J'ai aussi déposé un amendement d'appel sur les sociétés d'économie mixte – les SEM – qui portent des bailleurs sociaux, pour qu'elles puissent construire des logements pour le public. Il semblerait qu'elles n'aient pas la possibilité de construire des logements pour les gendarmeries. Si c'est vrai, c'est complètement fou ! Peut-être le présent support législatif, entre cette lecture et le passage au Sénat, permettra-t-il de résoudre ce problème. Il n'y a aucune raison, en effet, qu'une SEM portant un bailleur social ne puisse construire des logements pour des établissements publics et pour un service public, singulièrement une gendarmerie.

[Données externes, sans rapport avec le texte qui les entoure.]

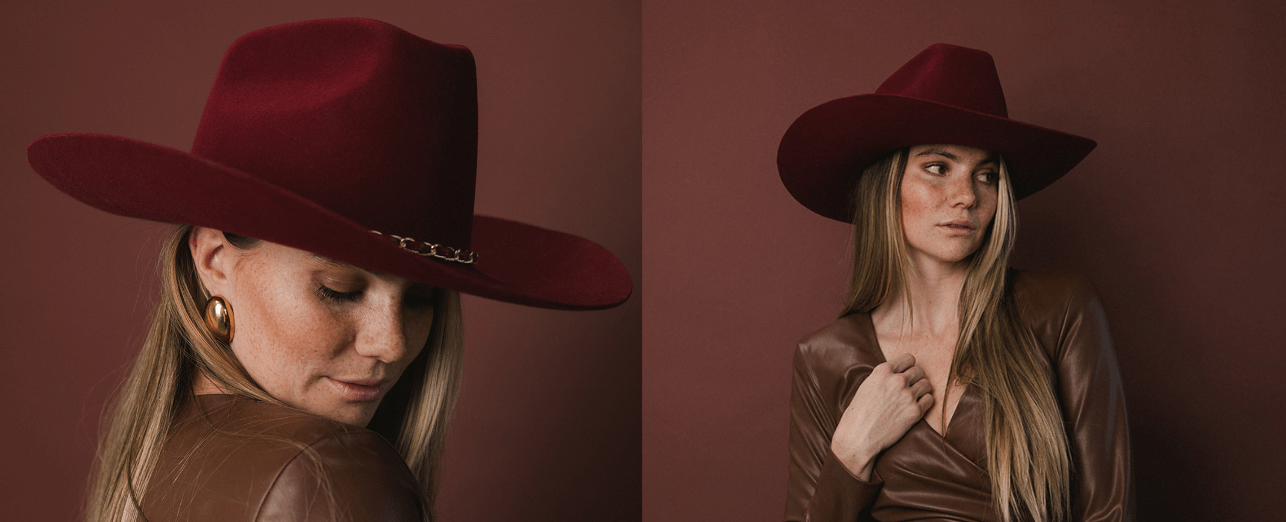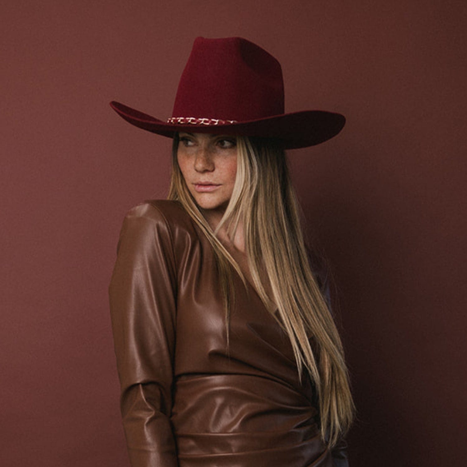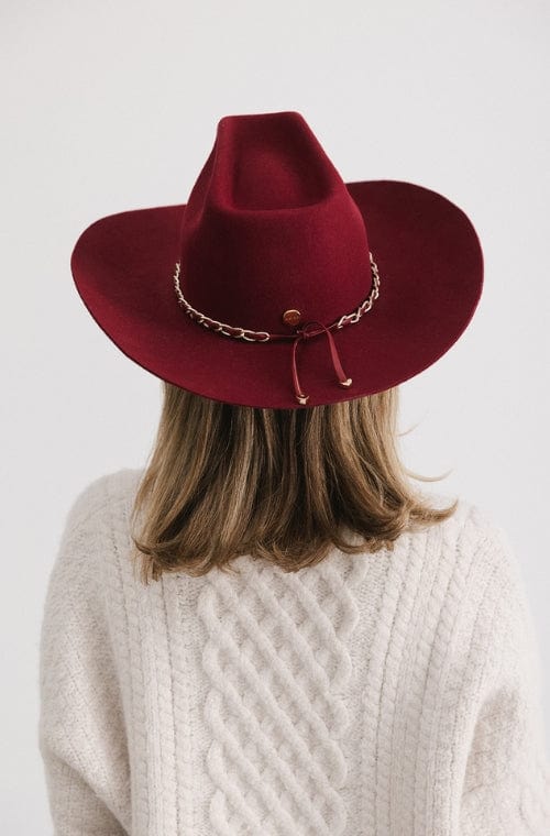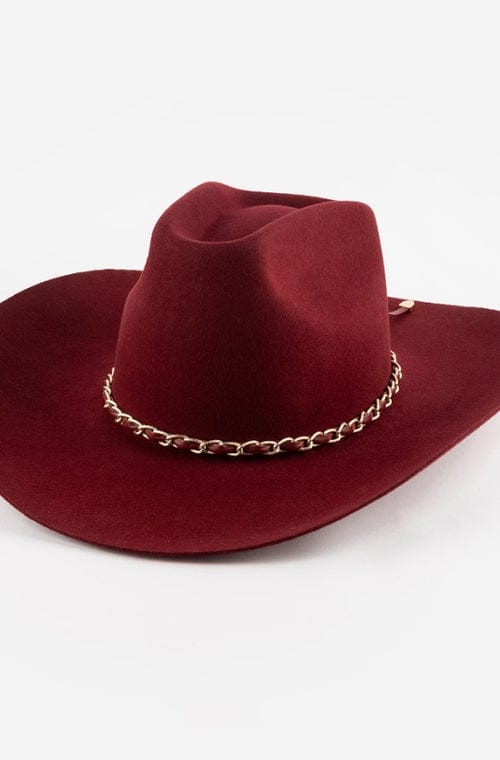 This stunning Burgundy color is sure to make a statement. To elevate the look even further, this design also features a tonal burgundy leather hat band intertwined with a gold chain creating a perfect blend of western style + glam. A color + trim exclusive to this design!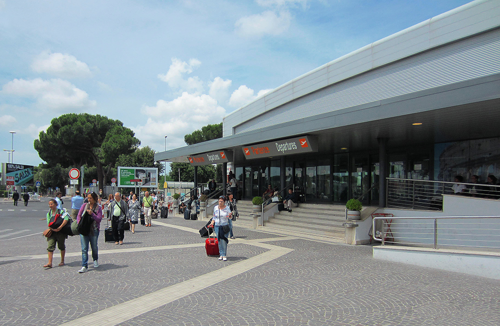 Oficiální název je Letiště Leonarda da Vinciho Řím-Fiumicino, leží asi 30 km od Říma a má terminály 1, 2, 3 a 5.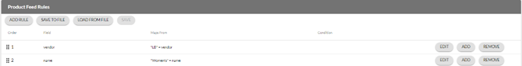 This functionality is available for retailers to set rules that will apply to all product feeds that are received from partners. The rules are applied before the items are uploaded to the retailer’s feed.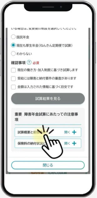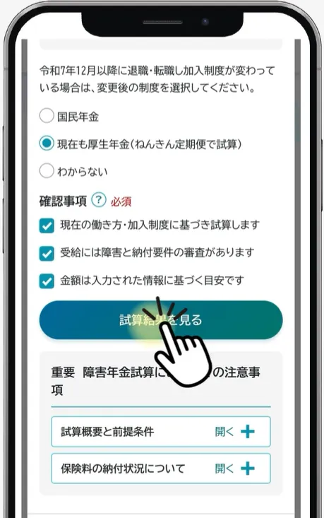 確認事項を一読し、チェックボタンをタップしたのち、「試算結果をみる」をタップします。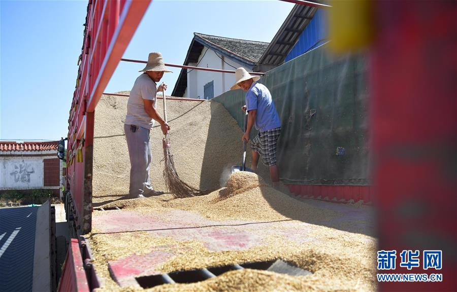 8月18日,江西省南昌县广福粮食管理所广福粮站的工作人员将早籼稻卸下货车,准备收购归仓。 新华社记者 彭昭之 摄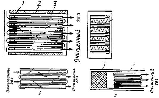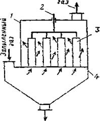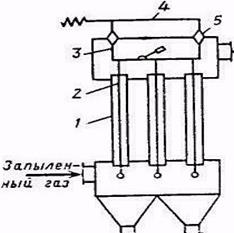 Схема трубчатого электрофильтра представлена на рис. 5. Запыленный газ движется по вертикальным трубам диаметром 200—250 мм. Пыль оседает на внутренней поверхности труб. При помощи встряхивающего устройства ее удаляют в бункер.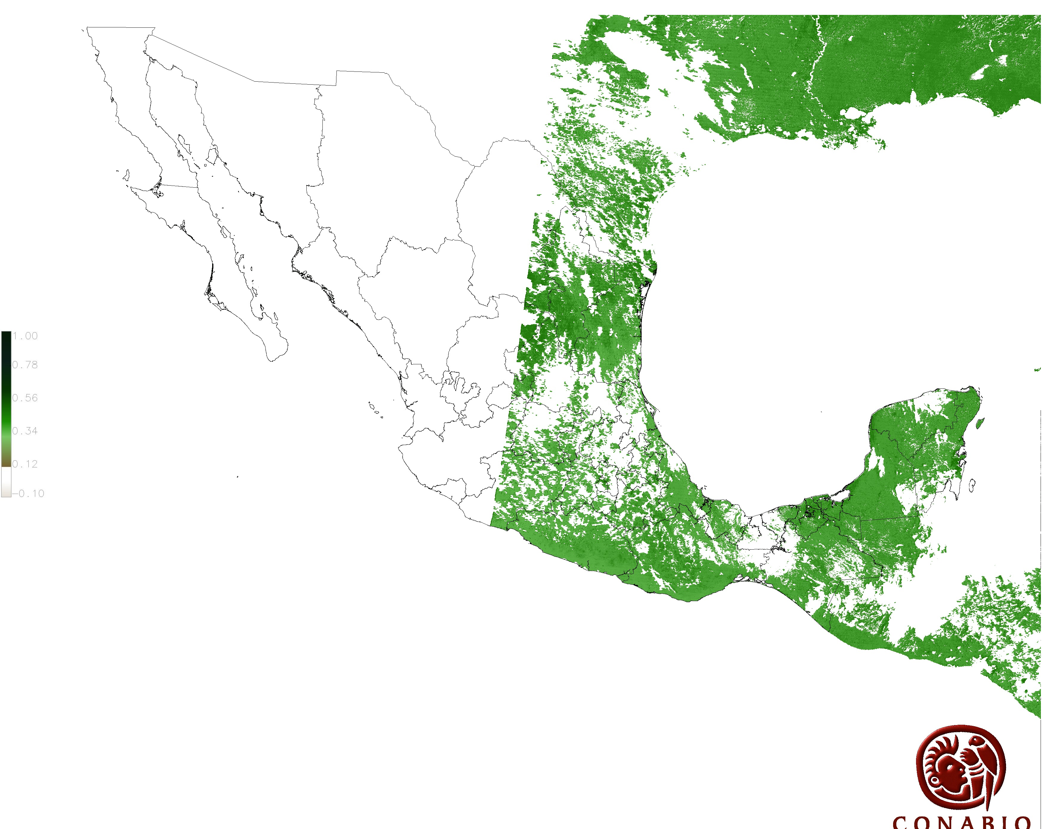 Los valores del índice van de -1 a 1, entre más cercano al valor 1 la vegetación presenta mayor vigor. Los índices de vegetación son utilizados para conocer el comportamiento de la vegetación tanto espacial como temporal. |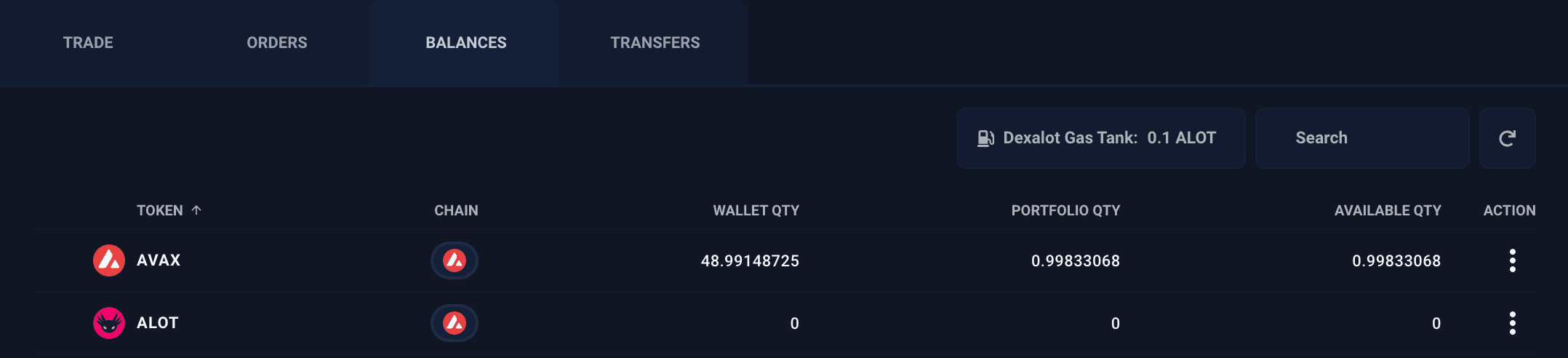 Head over to the Dexalot Testnet, connect your wallet (top right), and click on the Balances Tab in the Trade page. You will have to authenticate your wallet for the first time you interact with Dexalot.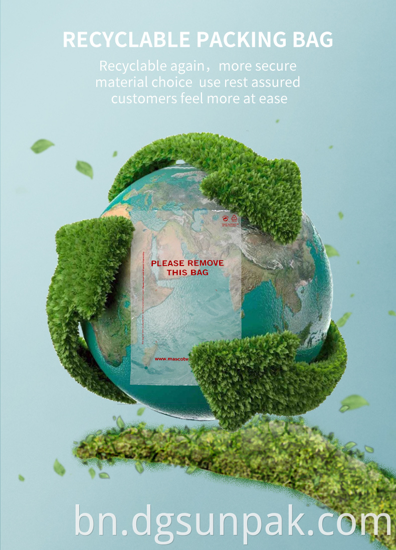 * পলিব্যাগ হল 30% বা 50% বা 70% পুনর্ব্যবহারযোগ্য উপাদানের মিশ্রণ, বাকি নতুন উপাদান, 100% পুনর্ব্যবহৃত মানে সমস্ত উপাদান পুনর্ব্যবহারযোগ্য উপাদান, LDPE、HDPE、PPE、CPE、PP বিকল্প হতে পারে।

Je vous invite enfin à être particulièrement vigilants : j'ai soulevé un lièvre à propos de la loi littoral, sans obtenir de réponse ; je vous fais confiance, mais n'allons pas bouleverser les équilibres touchant les six grands lacs alpins, soumis à une pression foncière indescriptible – je songe aux deux départements de la Savoie.
Enfin, ma collègue Virginie Duby-Muller et moi-même nous étonnons de l'absence, dans le projet de loi, de dispositions concernant l'installation des gens du voyage. Le président de la commission et les membres du Gouvernement ont beaucoup parlé de concertation, mais il semble que celle-ci ait un peu « bugué » au sein du Gouvernement et entre le Gouvernement et la majorité.
Or quelques départements sont particulièrement concernés par la présence des gens du voyage, et il a été clairement annoncé lors de plusieurs visites ministérielles sur place – pourquoi ne pas citer Mme Gourault, avec qui j'entretiens d'excellentes relations, notamment du fait de notre passé commun au sein de l'Association des maires de France – que le projet de loi ELAN serait l'occasion, pour le Gouvernement et la majorité, d'apporter des modifications législatives concernant les gens du voyage. C'est en invoquant cet argument la main sur le coeur que la majorité et le Gouvernement ont rejeté les amendements que ma collègue Virginie Duby-Muller et moi-même avions défendus dans le cadre de notre niche parlementaire.
Pourtant, à ce jour, aucun amendement gouvernemental n'a à ma connaissance été déposé, ni en commission ni en séance, et – clin d'oeil de l'histoire – le président de la commission a rejeté nos amendements à la loi ELAN au motif qu'ils n'avaient aucun rapport avec le texte.
Si le logement des gens du voyage n'a rien à faire dans la loi ELAN, alors j'ai deux choses à demander. D'abord, à M. le ministre et à M. le secrétaire d'État : essayez de vous mettre d'accord avec Mme Gourault pour savoir dans quel texte de loi, si possible avant la fin de la législature, nous pouvons espérer voir arriver les amendements du Gouvernement. Ensuite, à la commission et à la majorité : dans quel texte pourrons-nous parler des gens du voyage ? C'est un vrai problème pour eux, comme pour les maires et les territoires confrontés à l'accueil de ces populations.
Merci pour le dialogue constructif que nous avons noué en commission. Je n'en attends pas moins, sur les questions que j'ai soulevées, lors de ce débat en séance et d'ici aux navettes et à la promulgation de la loi.